November 20, 2025 updated by: Ling Liu, Southeast University, China

The Physiological Effects of Different Non-invasive Respiratory Support in Patients With Acute Hypoxemic Respiratory

Patients with acute hypoxemic respiratory failure (AHRF) typically present with pathophysiological alterations characterized by the coexistence of respiratory dysfunction and hypoxemia. Respiratory dysfunction leads to dyspnea, increased work of breathing, use of accessory respiratory muscles, and hypercapnia, while gas exchange impairment results in hypoxemia. Studies have shown that hypercapnia, acidosis, and hypoxemia can all enhance inspiratory effort, which further increases negative intrathoracic pressure. In these patients, regional differences in airway resistance and lung compliance are often present, causing redistribution of air within the lungs. This redistribution manifests as gas movement from non-dependent to dependent regions, known as "pendelluft," which amplifies regional alveolar strain and ventilation heterogeneity. This phenomenon becomes more pronounced during noninvasive respiratory support when spontaneous breathing is preserved.
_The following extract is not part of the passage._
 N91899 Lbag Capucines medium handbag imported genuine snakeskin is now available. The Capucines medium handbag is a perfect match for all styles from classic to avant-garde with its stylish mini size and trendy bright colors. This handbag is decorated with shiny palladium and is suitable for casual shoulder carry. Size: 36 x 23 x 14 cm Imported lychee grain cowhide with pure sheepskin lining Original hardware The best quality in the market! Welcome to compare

Noninvasive respiratory support strategies mainly include high-flow nasal oxygen (HFNO), noninvasive positive pressure ventilation (NIV), and continuous positive airway pressure (CPAP). HFNO delivers high-flow gas through nasal cannulas, generating a certain level of positive end-expiratory pressure (PEEP) and flushing out anatomical dead space to improve gas exchange, thereby reducing inspiratory effort, lowering the work of breathing, and enhancing oxygenation. NIV, typically using pressure support ventilation (NIV-PSV), is a patient-triggered, pressure-targeted mode that provides inspiratory positive pressure above PEEP. By augmenting tidal volume and reducing inspiratory effort, NIV improves gas exchange; however, leaks may limit the effective delivery of PEEP, and full inspiratory synchronization can increase transpulmonary driving pressure and tidal volume. CPAP, by contrast, delivers a constant positive pressure during both inspiration and expiration. Compared with HFNO, CPAP generates higher PEEP, which facilitates alveolar recruitment and more effectively improves oxygenation. Relative to NIV, CPAP may reduce transpulmonary driving pressure and tidal volume.
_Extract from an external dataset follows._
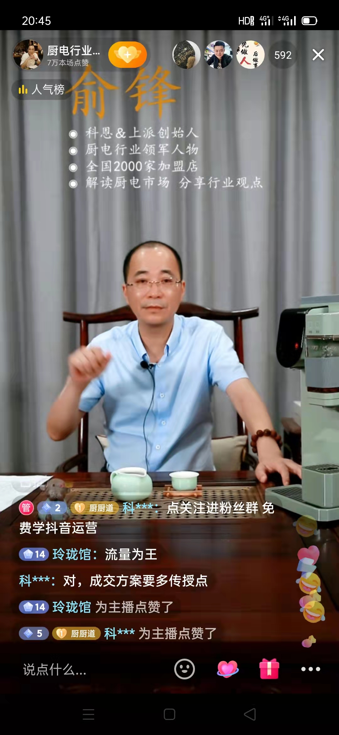 直播從19:30準(zhǔn)時(shí)開(kāi)始,俞總在大家的萬(wàn)眾期待中閃耀亮相,集團(tuán)董事、廚電大咖效應(yīng)使得眾多業(yè)內(nèi)外精英及投資創(chuàng)業(yè)者紛紛進(jìn)入直播間聆聽(tīng)取經(jīng),同時(shí),豐富的直播福利和俞總娓娓道來(lái)、由淺入深的商業(yè)思維也提升了大眾的參與度,引起了用戶對(duì)于目前經(jīng)濟(jì)形勢(shì)的廣泛關(guān)注和討論,可以說(shuō),這是一場(chǎng)具有戰(zhàn)略性、前瞻性、針對(duì)性的行業(yè)直播盛宴。
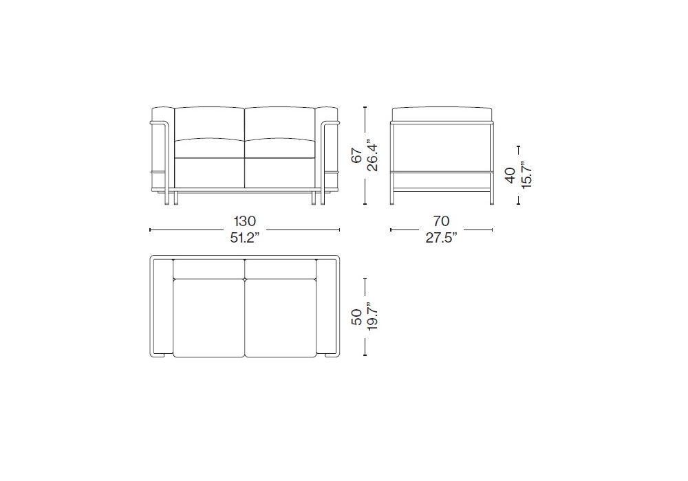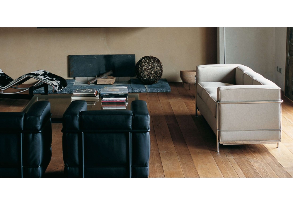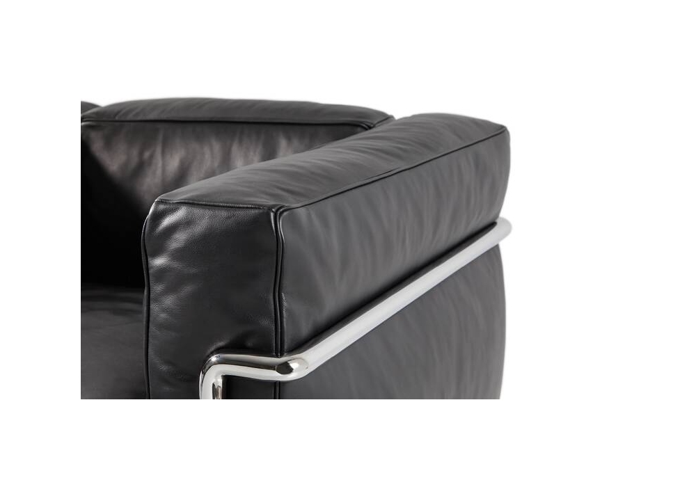 2 Fauteuil Grand Confort, Petit Modèle, Deux Places diseñado por Le Corbusier, Pierre Jeanneret, Charlotte Perriand para Cassina es un sofá de 2 plazas realizado con estructura cromada o pintada y cojines tapizados con tapicería de tela o piel.

Different noninvasive respiratory support strategies exert varying effects on respiratory drive and regional lung strain, leading to differences in the occurrence and magnitude of pendelluft. Physiological studies have suggested that CPAP may offer greater benefits in improving oxygenation and reducing inspiratory effort; however, whether it can mitigate the occurrence and extent of pendelluft remains uncertain. Therefore, this study was conducted to visualize and quantitatively assess pendelluft in real time using electrical impedance tomography (EIT), aiming to verify whether CPAP has a superior effect in reducing pendelluft in patients with AHRF.

Study Overview

Study Type

Interventional

Enrollment (Estimated)

60

Phase

  • Not Applicable

Participation Criteria

Researchers look for people who fit a certain description, called eligibility criteria. Some examples of these criteria are a person's general health condition or prior treatments.

Eligibility Criteria

Ages Eligible for Study

  • Adult
  • Older Adult

Accepts Healthy Volunteers

No

Description

Inclusion Criteria:

  • Age ≥ 18 years;
  • PaO₂/FiO₂ ≤ 300 mmHg or SpO₂/FiO₂ ≤ 315 (with SpO₂ ≤ 97%);
  • Requiring one of the following respiratory supports:

    1. Noninvasive positive pressure ventilation with PEEP ≥ 5 cmH₂O, or
    2. High-flow nasal oxygen therapy with a flow rate ≥ 30 L/min, or
    3. Conventional oxygen therapy with an oxygen flow ≥ 10 L/min, where FiO₂ is calculated using the formula: FiO₂ = 0.21 + (oxygen flow rate × 0.03).

Exclusion Criteria:

  • Received CPAP or NIV for more than 24 hours prior to screening.
  • Received invasive mechanical ventilation during the current hospitalization.
  • Presence of chronic underlying pulmonary disease, or PaCO₂ ≥ 45 mmHg.
  • Presence of cardiogenic pulmonary edema.
  • Hemodynamic instability, defined as systolic blood pressure < 90 mmHg or norepinephrine-equivalent dose > 0.3 µg/kg/min.
  • Impaired consciousness (GCS ≤ 12).
  • Patients requiring urgent intubation, including those with respiratory or cardiac arrest, apnea with loss of consciousness or gasping, or severe hypoxemia (defined as SpO₂ < 90% despite 100% oxygen).
  • Contraindications to NIV: cardiac or respiratory arrest, coma, untreated pneumothorax, uncontrollable vomiting, upper airway obstruction, hematemesis or severe facial trauma, or thoracic/abdominal surgery within the past 7 days.
  • Contraindications to EIT: implanted cardiac pacemaker, unstable spinal injury or fracture, or open chest trauma.
  • Refusal of endotracheal intubation.
  • Pregnancy.

Study Plan

This section provides details of the study plan, including how the study is designed and what the study is measuring.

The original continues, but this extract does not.